> [Materials provided]:
________

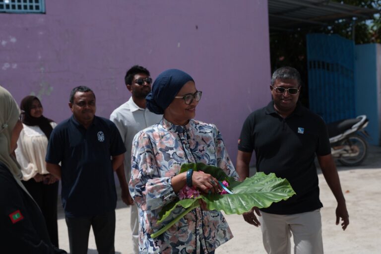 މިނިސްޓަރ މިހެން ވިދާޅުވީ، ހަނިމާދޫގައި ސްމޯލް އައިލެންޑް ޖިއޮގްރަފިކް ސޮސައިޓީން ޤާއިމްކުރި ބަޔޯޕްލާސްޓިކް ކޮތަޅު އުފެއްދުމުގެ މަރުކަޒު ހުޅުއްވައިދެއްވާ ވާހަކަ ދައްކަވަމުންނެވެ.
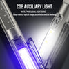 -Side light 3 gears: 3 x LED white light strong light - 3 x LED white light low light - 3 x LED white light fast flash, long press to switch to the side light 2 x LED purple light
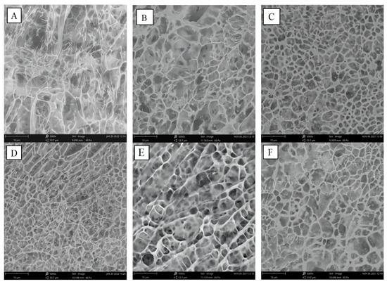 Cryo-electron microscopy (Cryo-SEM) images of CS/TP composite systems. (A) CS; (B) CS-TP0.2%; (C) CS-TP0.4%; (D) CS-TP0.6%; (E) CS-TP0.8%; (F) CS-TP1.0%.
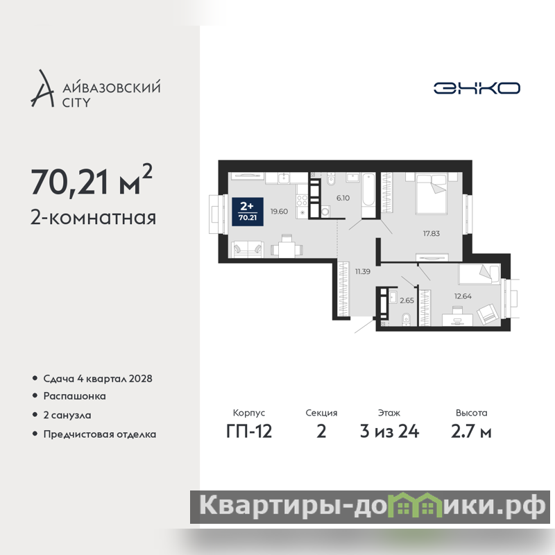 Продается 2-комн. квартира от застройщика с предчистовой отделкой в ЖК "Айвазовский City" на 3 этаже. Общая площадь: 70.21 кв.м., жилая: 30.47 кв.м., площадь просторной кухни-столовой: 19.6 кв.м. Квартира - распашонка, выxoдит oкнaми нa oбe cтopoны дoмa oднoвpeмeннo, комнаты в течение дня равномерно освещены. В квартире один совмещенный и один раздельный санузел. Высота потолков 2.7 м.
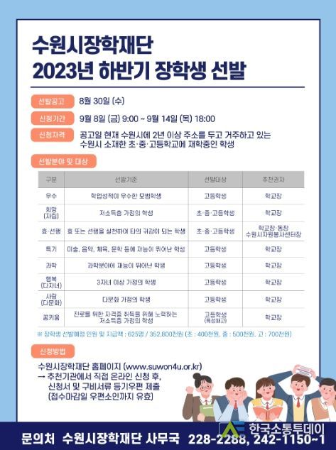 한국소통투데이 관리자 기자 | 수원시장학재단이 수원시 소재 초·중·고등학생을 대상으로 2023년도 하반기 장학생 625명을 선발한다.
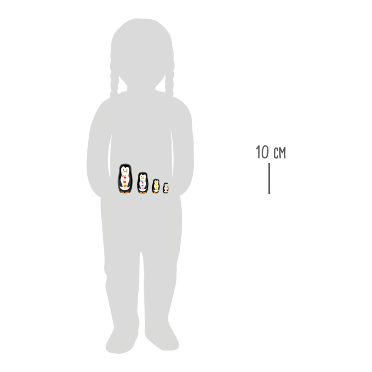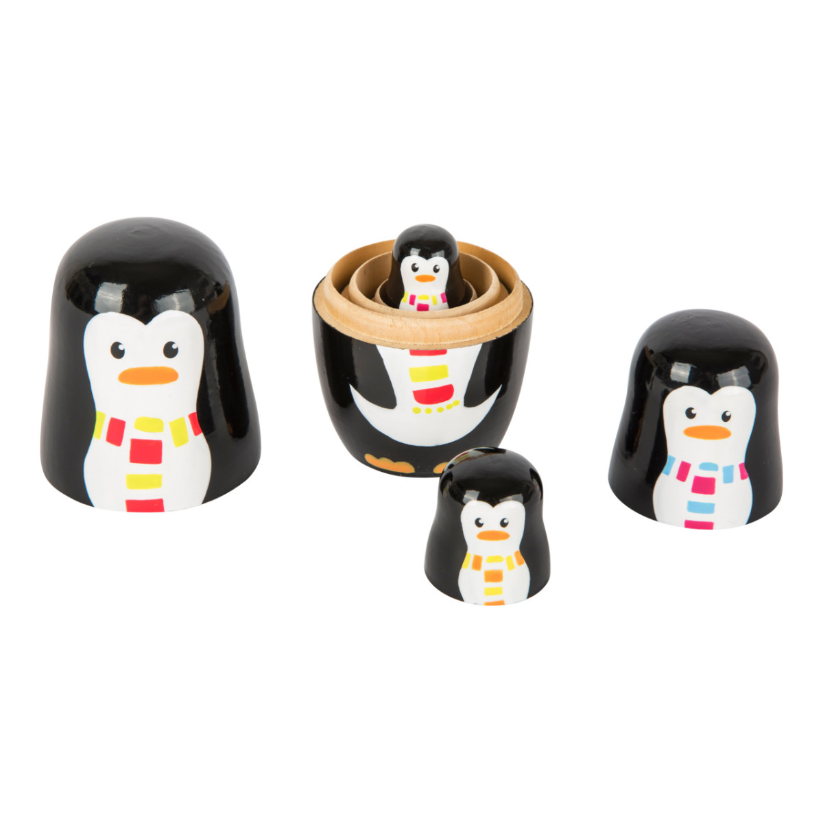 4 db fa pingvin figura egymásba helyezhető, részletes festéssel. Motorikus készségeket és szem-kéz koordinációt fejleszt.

________

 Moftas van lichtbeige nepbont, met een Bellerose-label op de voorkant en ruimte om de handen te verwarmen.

________

> [What you need to do]:
Return only the stretch above from the line containing "-Side light 3" through the line containing "Cryo-electron microscopy (Cryo-SEM)", word for word and without pictures.

> [Answer space]:
 -Side light 3 gears: 3 x LED white light strong light - 3 x LED white light low light - 3 x LED white light fast flash, long press to switch to the side light 2 x LED purple light
 Cryo-electron microscopy (Cryo-SEM) images of CS/TP composite systems. (A) CS; (B) CS-TP0.2%; (C) CS-TP0.4%; (D) CS-TP0.6%; (E) CS-TP0.8%; (F) CS-TP1.0%.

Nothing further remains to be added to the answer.